Evidence for microbial-induced transformation of acrylonitrile-butadiene-styrene (ABS) and styrene-acrylonitrile (SAN) polymer blend by plastic-degrading bacteria

Abstract

Poly(acrylonitrile-butadiene-styrene) (ABS) and styrene-acrylonitrile (SAN) are extensively used in cosmetic and industrial packaging due to their mechanical strength and durability. However, their intrinsic resistance to microbial and enzymatic attack underlies their long-term environmental persistence. To date, there is limited experimental evidence regarding the microbial transformation of ABS/SAN polymers. Here, we investigated whether four previously reported polyethylene-degrading bacterial strains—Comamonas sp., Delftia sp., Stenotrophomonas sp. and Alcaligenes sp.—can grow on an ABS/SAN blend and induce measurable physicochemical modifications. Each strain was incubated for 90 days in a minimal medium containing ABS/SAN as the sole added carbon and energy source. Bacterial growth, viability and polymer modification were assessed by fluorescence microscopy, gravimetric analysis and attenuated total reflectance Fourier-transform infrared spectroscopy (ATR-FTIR). All strains sustained active growth and remained viable throughout incubation. Stenotrophomonas sp. and Delftia sp. exhibited the strongest responses, with approximately 6-fold and 2.5-fold increases in viable cell counts and corresponding mass losses of 2.20% and 1.27%, respectively. ATR-FTIR profiles revealed strain-specific chemical changes on the polymer surface, including reductions in nitrile and carbonyl content consistent with partial oxidation and assimilation of ABS/SAN fragments.

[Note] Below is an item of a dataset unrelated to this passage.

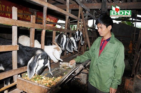 Tiểu dự án nuôi dê tại xã Thuận Hà đã giúp nhiều hộ dân tăng thêm thu nhập. Ảnh: Kim Ngân |

Comparative genomic analysis further identified genes encoding putative catabolic functions that may facilitate polymer transformation, such as nitrilases, amidases, phenylacetate and aromatic compound degradation pathways, redox-active enzymes and efflux transporters. Together, these findings provide a novel experimental evidence that select bacterial strains can interact with and induce measurable modifications in ABS/SAN polymer blend, highlighting new perspectives for the biological degradation of recalcitrant synthetic plastics.